If only the LTTE and the other Tamil groups had agreed years earlier to a power-sharing agreement with the Lankan government, with the territories in the northeast under their suzerainty, things might have been different today. Nobody here is actually looking forward to the finale. The thought of a Tiger, long held under captivity, being driven to extinction is not really the perfect ending for this story. But then, reality can throw surprises.

Friday, April 17, 2009

A chemical enginer in the poll fray

Indeed, it is Venkataraman, chemical engineer and trustee, Nandini Voice for the Deprived, who will be standing for Kalyanam's party, from south Chennai. The party is also fielding a candidate from central Chennai. Venkataraman says he will spend not more than Rs 3.5 lakh toward publicity and other expenses. He was inspired to join the party when at a meeting in Mylapore eminent persons such as B.S. Raghavan and Vittal urged participation and action rather then only voicing opinion. They were all for him standing in the fray. Venkataraman did not disappoint.

Now, here's hoping that he will be able to communicate his party's viewpoint - clean and efficient governance - to the people of his constituency.

All the best, Mr Venkataraman. May you do well and show others the way.

Sunday, April 12, 2009

Elections - the young and the old

It’s election time and we all know how it feels during election time in India. One of the attempts has been to get the younger generation involved, to get some of them to stand for elections and getting others to the polling booths. So, it was heartening to learn about a young entrepreneur, 28 years old, running a catering service after rejecting jobs with MNCs, now standing for elections from Chennai. That’s the way to go.

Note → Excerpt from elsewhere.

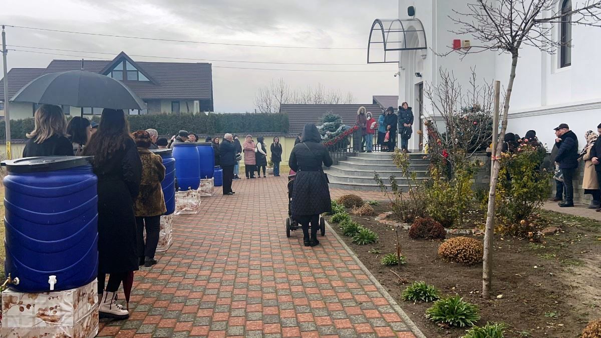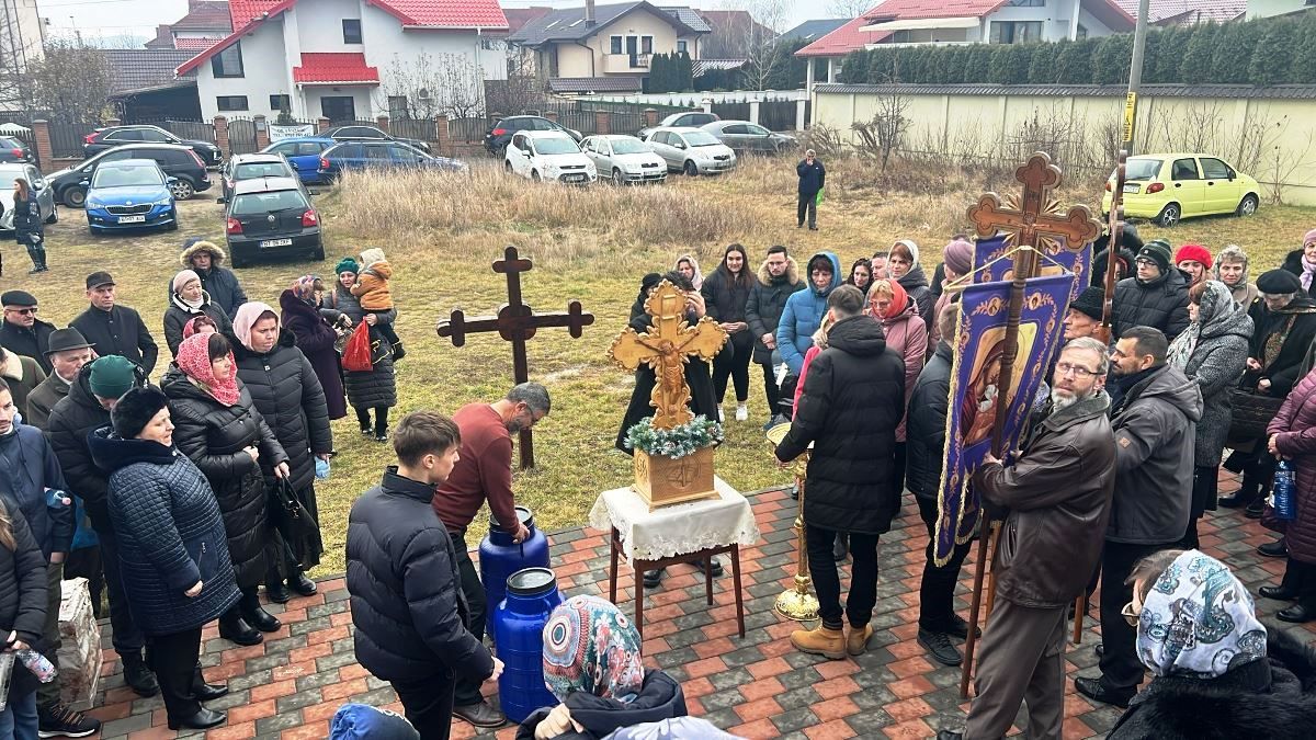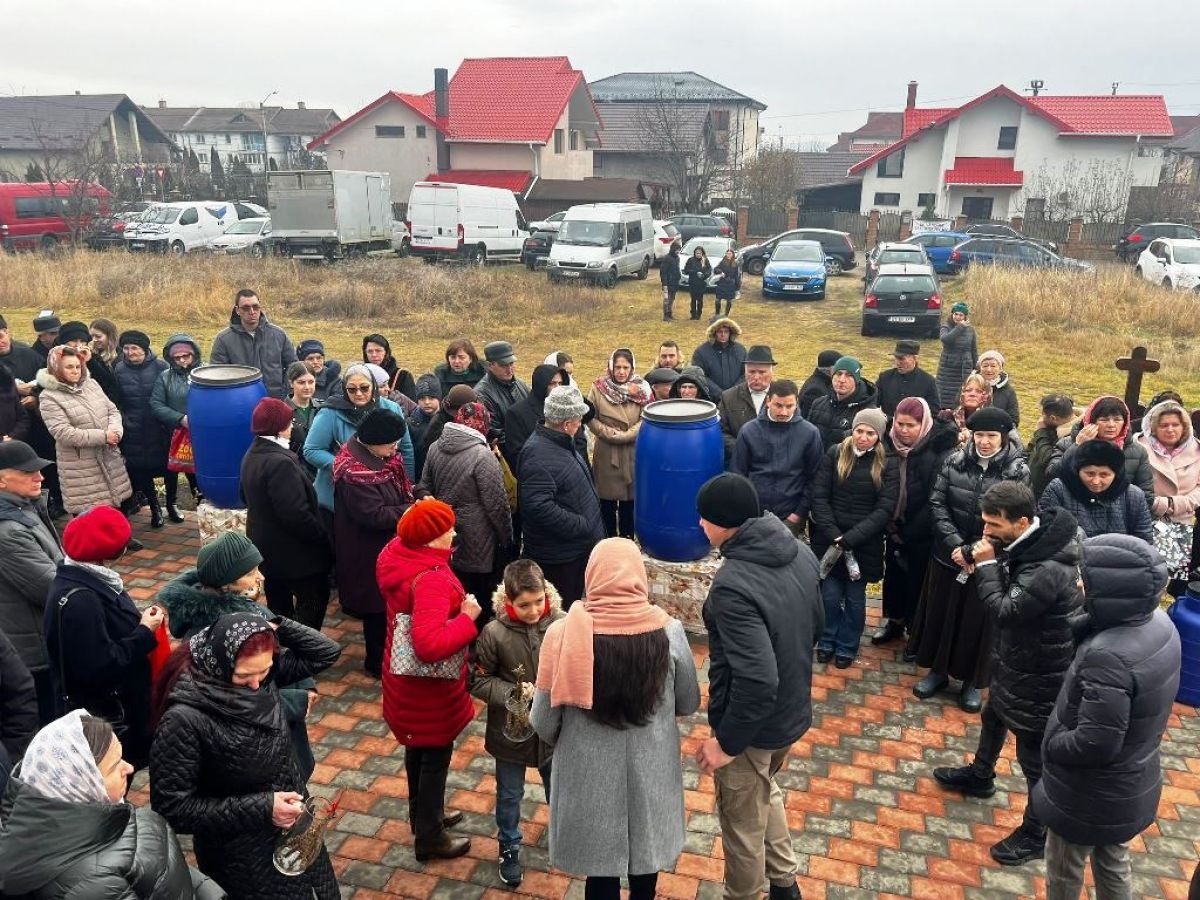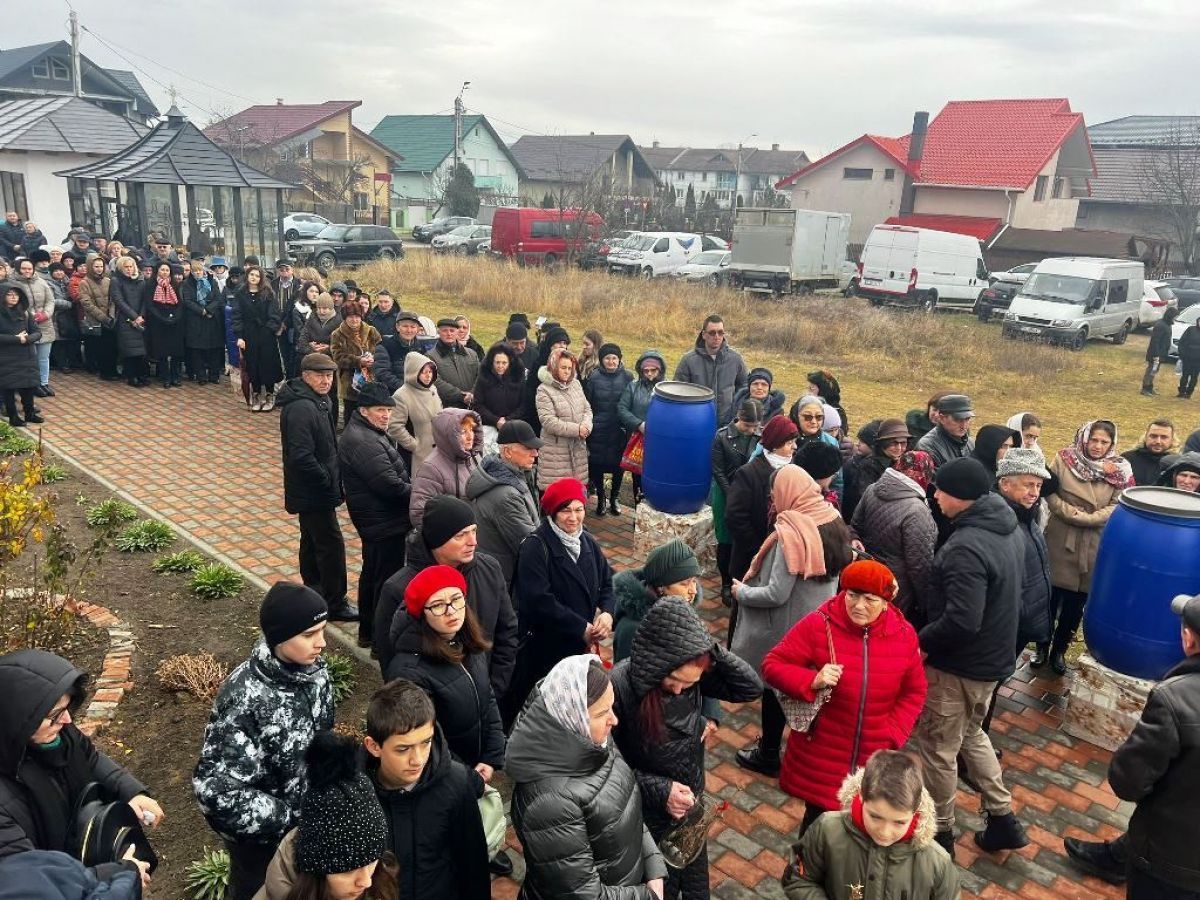 În mâini au căni și sticle pentru a lua apa sfințită, în curte fiind de altfel pregătite de către biserică recipiente uriașe din plastic.
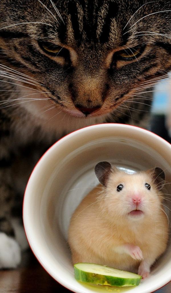 Wallpaper Hamster hiding in a cup from a gray cat

I was, therefore, surprised to learn about V. Kalyanam, personal secretary to Mahatma Gandhi during the latter’s last years, now all of 87, registering the Desia Paadhugaappu Kazhagam (National Protection Party ) as a political party and deciding to contest in the parliamentary elections from Chennai. According to an email I received from N. S. Venkataraman, trustee, Nandini Voice For The Deprived, those who stand for elections must “understand the seriousness and severity of the issues facing Indian democracy...” The email goes on to say that the Gandhian philosophy of ahimsa, truth, probity in personal and public life have not been highlighted as principles by any political party in the country and that “the important fact is that when concerned people swearing by Gandhian ideology in personal and public life would contest in the elections, it would give a sense of hope that the tide of corruption and dishonest dealings would be stemmed.”

Venkataraman, a chemical engineer, I understand, will also be a contestant in the election.

Down the hill

The way down the hill, with a splendid view of the Shiva temple in Thiruvannamalai. It's a place that beckons you again and again.

Thursday, April 09, 2009

Perched high on the hill was this trader of embellished stones. He was a craftsman and displayed his skills to us. He probably lived close by, we didn't bother to ask. But perhaps he finds something special in the magic of the hills that is Tiruvannamalai - with a view of the Arunachala temple and vibrations from Sri Ramana Maharshi's abode.

Wednesday, April 01, 2009

Virupaksha Cave

As we came down from Skandasramam, we stopped by at the Virupaksha Cave where Sri Ramana Maharshi meditated for 16 years.

The cave was quite dark inside and there were a few people meditating.

Outside, it was serene, and you felt at peace with yourself.